El arca

Por fin acorralamos al último de los animales: una vaca que se había escondido por milagro en las profundidades del dirigible. Formamos un semicírculo a su alrededor. Sus pezuñas se resbalaban al intentar retroceder contra el ángulo recto entre las dos paredes. Sabía que debía morir para alimentarnos. A lo mucho un par de semanas, pero siempre cabía la esperanza de encontrar tierra. A lo mucho un par de semanas. Nos detuvimos. Vimos ante nosotros los únicos dos caminos que nos quedaban desde que se habían acabado las provisiones: tierra o muerte. Sería por hambre y por todo lo que el hambre trajera. Pero para el último, para él sería por hambre.
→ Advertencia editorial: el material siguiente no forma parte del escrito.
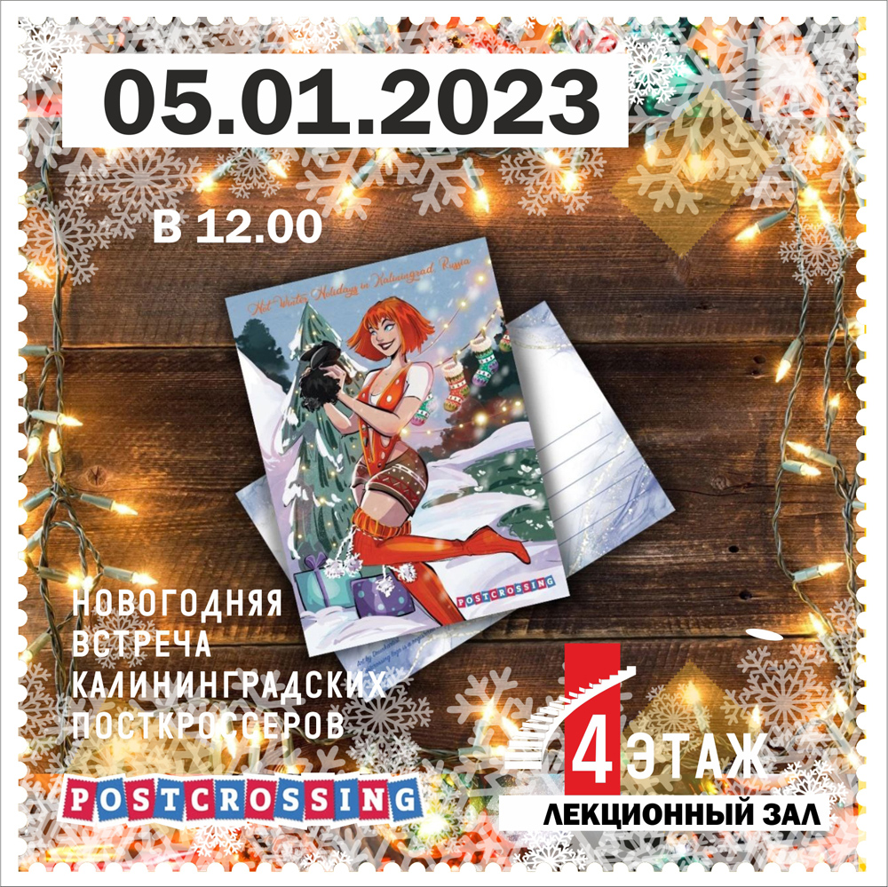 Калининградский клуб посткроссеров приглашает на новогоднюю встречу. Мы подпишем оригинальные новогодние открытки, познакомимся с историей российской и советской новогодней открытки, похвастаемся своими рождественско-новогодними коллекциями. С собой берите марки, канцелярию, штампики, стикеры – всё нужное для оформления открыток. И вкусняшки к чаю на общий стол (по желанию, только не переусердствуйте). Будем рады новичкам!

Un lento deshacerse hacia su propio interior, una implosión parsimoniosa.

La vaca claqueteó nerviosa el suelo metálico. Sus estúpidos ojos nos escudriñaron. Dio un paso inseguro hacia el frente. La cocinera perdió la paciencia, empuñó el cuchillo y le rebanó la garganta al bovino. El bramido nos envolvió, retumbando en todo el casco. Como si alguien acabara de estrujar la noche. La puerta del fondo se abrió con un golpe de gong. La maquinista emergió jadeante.

–Se nos desgarró el globo –dijo sin aliento.

Sorpresa. No hubo movimiento repentino, pero perdimos el equilibrio. Fue el horizonte, que se inclinó de pronto en las ventanas. Y nuestros ojos, acostumbrados desde hacía meses a que esa línea vaga entre los nubarrones y las olas grises fuera una extensión del suelo que pisábamos, resintieron el cambio y perdieron contacto con las piernas. Comenzamos a sumergirnos en la atmósfera. Trastabillamos, vaca y gente, por el piso resbaladizo de sangre. Las hélices siguieron empujándonos tercamente hacia adelante. La res, convertida en carne, se derrumbó. Su cabeza contra el suelo resonó con la nave estrellándose en las olas.